--- Extracted records Enclosed Below ---

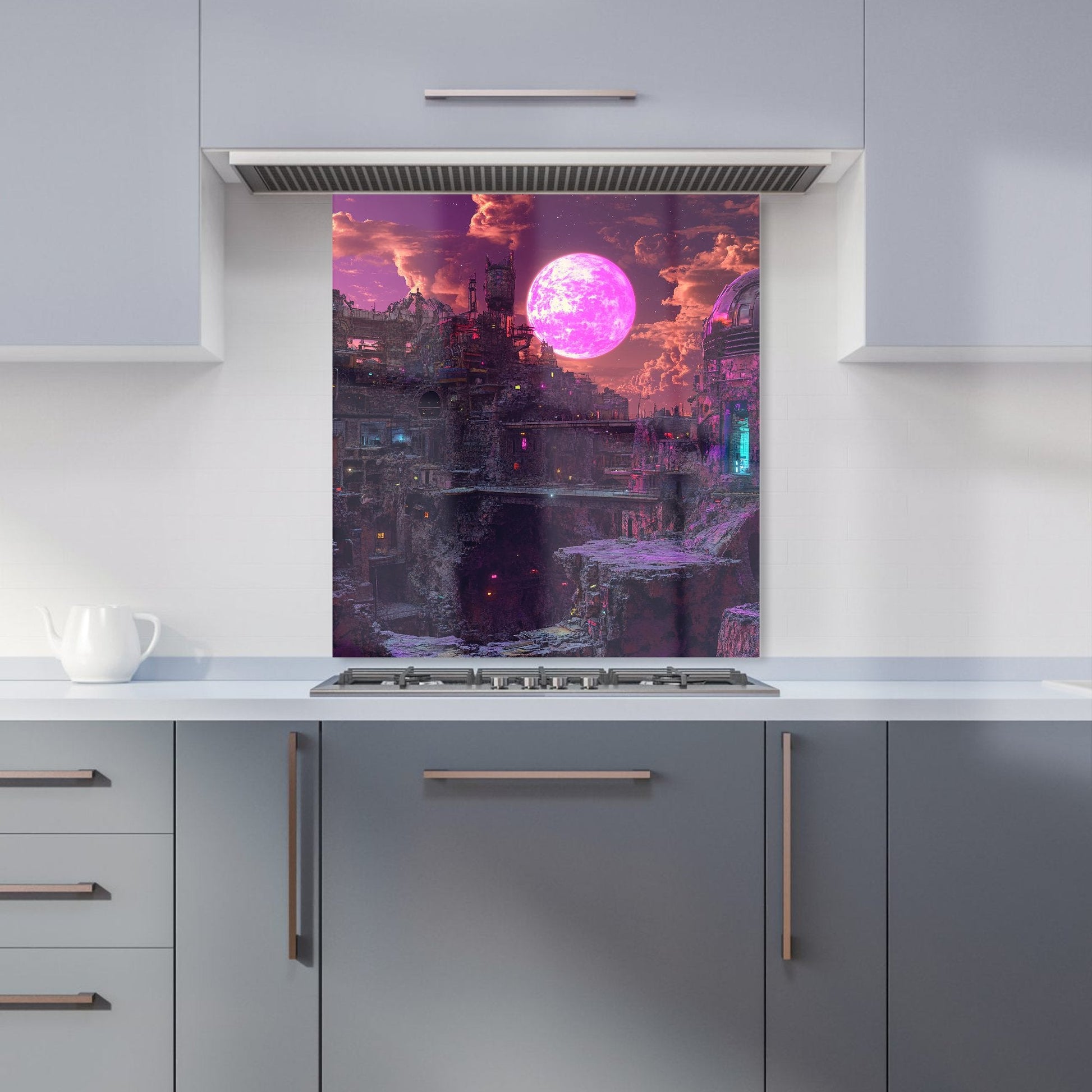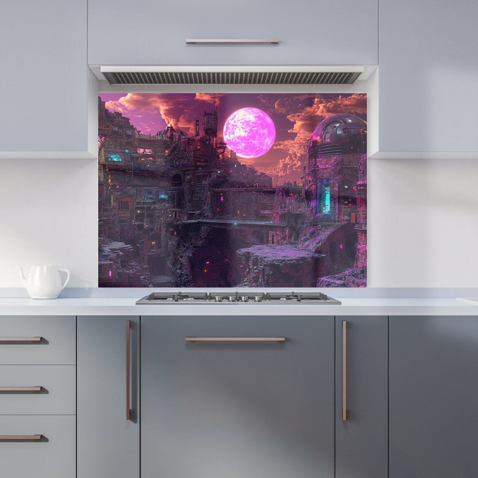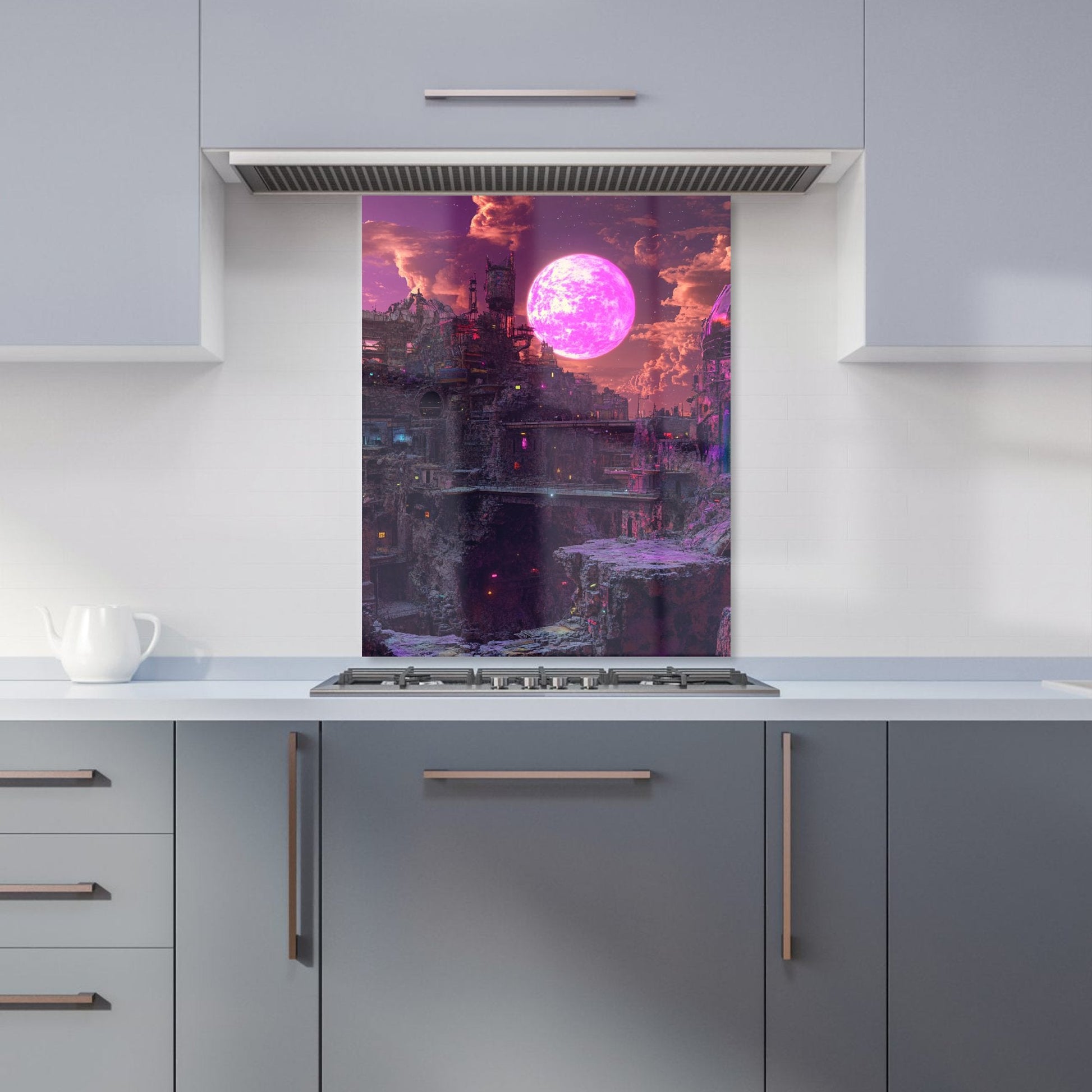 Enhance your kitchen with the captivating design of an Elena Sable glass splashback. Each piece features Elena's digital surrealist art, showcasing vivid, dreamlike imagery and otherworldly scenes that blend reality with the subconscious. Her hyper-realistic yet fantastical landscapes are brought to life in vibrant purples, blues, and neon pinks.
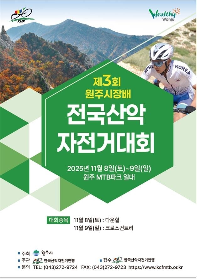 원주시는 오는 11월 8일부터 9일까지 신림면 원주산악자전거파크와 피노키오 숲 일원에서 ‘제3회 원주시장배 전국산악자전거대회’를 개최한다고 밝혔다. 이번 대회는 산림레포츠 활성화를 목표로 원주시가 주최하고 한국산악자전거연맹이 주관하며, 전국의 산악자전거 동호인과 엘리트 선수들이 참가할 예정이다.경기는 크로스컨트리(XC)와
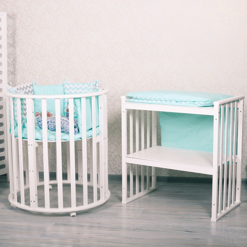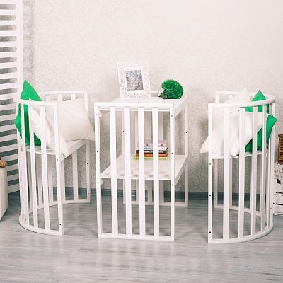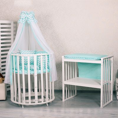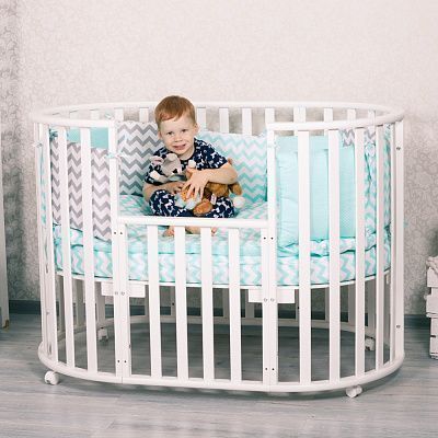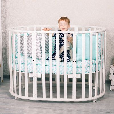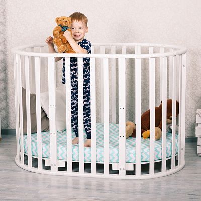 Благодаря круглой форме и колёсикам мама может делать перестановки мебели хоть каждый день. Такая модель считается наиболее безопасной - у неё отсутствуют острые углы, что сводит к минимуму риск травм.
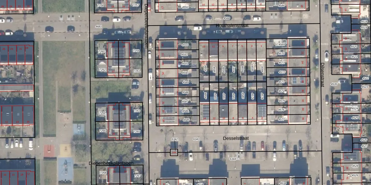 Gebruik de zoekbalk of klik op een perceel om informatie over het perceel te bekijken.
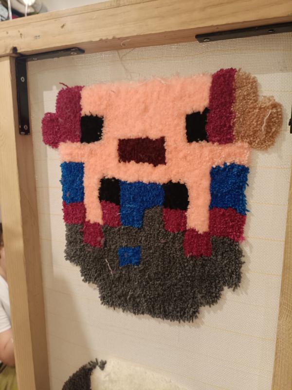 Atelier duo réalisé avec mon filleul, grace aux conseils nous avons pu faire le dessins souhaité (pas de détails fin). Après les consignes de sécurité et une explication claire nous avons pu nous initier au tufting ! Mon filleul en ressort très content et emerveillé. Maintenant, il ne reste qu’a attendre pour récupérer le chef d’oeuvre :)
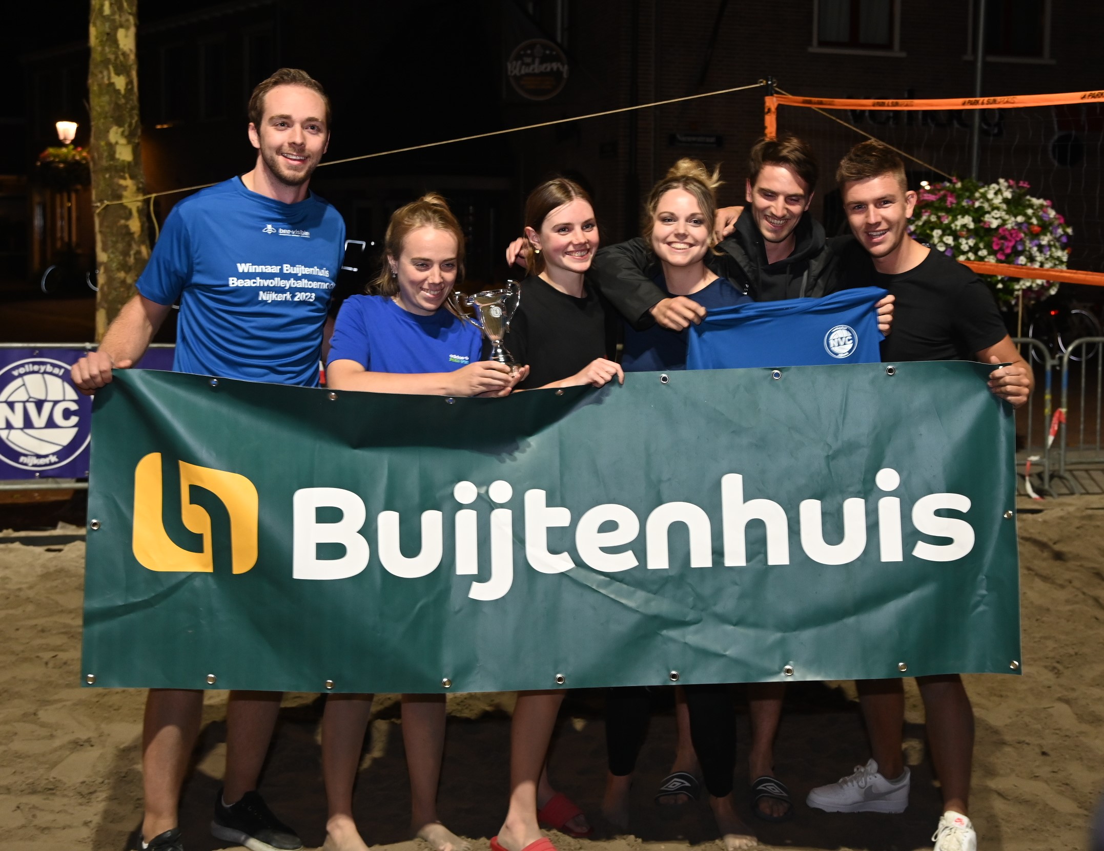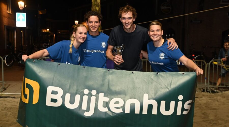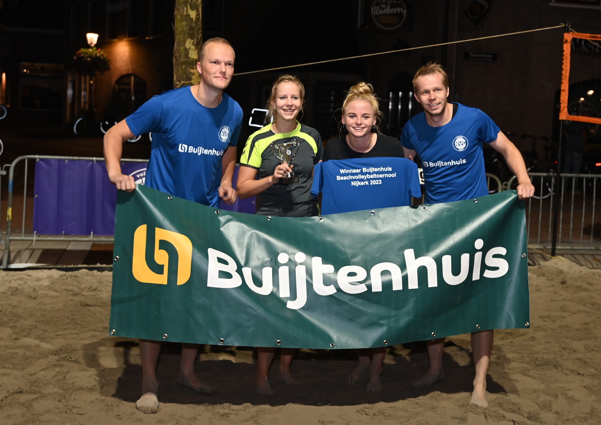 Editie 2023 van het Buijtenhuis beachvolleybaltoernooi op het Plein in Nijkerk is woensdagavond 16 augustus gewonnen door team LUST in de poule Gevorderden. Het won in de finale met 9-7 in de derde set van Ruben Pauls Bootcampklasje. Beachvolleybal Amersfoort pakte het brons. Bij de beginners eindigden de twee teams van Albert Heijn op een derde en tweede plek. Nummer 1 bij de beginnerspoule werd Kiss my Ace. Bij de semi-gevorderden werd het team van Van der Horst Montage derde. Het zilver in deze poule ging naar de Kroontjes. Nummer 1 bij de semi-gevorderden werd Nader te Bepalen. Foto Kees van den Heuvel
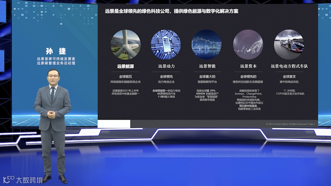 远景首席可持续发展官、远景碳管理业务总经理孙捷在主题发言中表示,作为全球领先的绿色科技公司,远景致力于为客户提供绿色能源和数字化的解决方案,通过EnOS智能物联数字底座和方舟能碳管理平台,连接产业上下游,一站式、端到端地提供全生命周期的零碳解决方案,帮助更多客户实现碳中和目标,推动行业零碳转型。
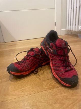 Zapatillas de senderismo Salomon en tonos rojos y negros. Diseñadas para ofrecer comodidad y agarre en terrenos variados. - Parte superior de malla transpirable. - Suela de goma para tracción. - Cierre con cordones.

--- End of Enclosed Extracted records ---

● **What is needed**: After removing the pictures, set down every record above exactly as it stands.

● **Completed task**:
 Enhance your kitchen with the captivating design of an Elena Sable glass splashback. Each piece features Elena's digital surrealist art, showcasing vivid, dreamlike imagery and otherworldly scenes that blend reality with the subconscious. Her hyper-realistic yet fantastical landscapes are brought to life in vibrant purples, blues, and neon pinks.
 원주시는 오는 11월 8일부터 9일까지 신림면 원주산악자전거파크와 피노키오 숲 일원에서 ‘제3회 원주시장배 전국산악자전거대회’를 개최한다고 밝혔다. 이번 대회는 산림레포츠 활성화를 목표로 원주시가 주최하고 한국산악자전거연맹이 주관하며, 전국의 산악자전거 동호인과 엘리트 선수들이 참가할 예정이다.경기는 크로스컨트리(XC)와
 Благодаря круглой форме и колёсикам мама может делать перестановки мебели хоть каждый день. Такая модель считается наиболее безопасной - у неё отсутствуют острые углы, что сводит к минимуму риск травм.
 Gebruik de zoekbalk of klik op een perceel om informatie over het perceel te bekijken.
 Atelier duo réalisé avec mon filleul, grace aux conseils nous avons pu faire le dessins souhaité (pas de détails fin). Après les consignes de sécurité et une explication claire nous avons pu nous initier au tufting ! Mon filleul en ressort très content et emerveillé. Maintenant, il ne reste qu’a attendre pour récupérer le chef d’oeuvre :)
 Editie 2023 van het Buijtenhuis beachvolleybaltoernooi op het Plein in Nijkerk is woensdagavond 16 augustus gewonnen door team LUST in de poule Gevorderden. Het won in de finale met 9-7 in de derde set van Ruben Pauls Bootcampklasje. Beachvolleybal Amersfoort pakte het brons. Bij de beginners eindigden de twee teams van Albert Heijn op een derde en tweede plek. Nummer 1 bij de beginnerspoule werd Kiss my Ace. Bij de semi-gevorderden werd het team van Van der Horst Montage derde. Het zilver in deze poule ging naar de Kroontjes. Nummer 1 bij de semi-gevorderden werd Nader te Bepalen. Foto Kees van den Heuvel
 远景首席可持续发展官、远景碳管理业务总经理孙捷在主题发言中表示,作为全球领先的绿色科技公司,远景致力于为客户提供绿色能源和数字化的解决方案,通过EnOS智能物联数字底座和方舟能碳管理平台,连接产业上下游,一站式、端到端地提供全生命周期的零碳解决方案,帮助更多客户实现碳中和目标,推动行业零碳转型。
 Zapatillas de senderismo Salomon en tonos rojos y negros. Diseñadas para ofrecer comodidad y agarre en terrenos variados. - Parte superior de malla transpirable. - Suela de goma para tracción. - Cierre con cordones.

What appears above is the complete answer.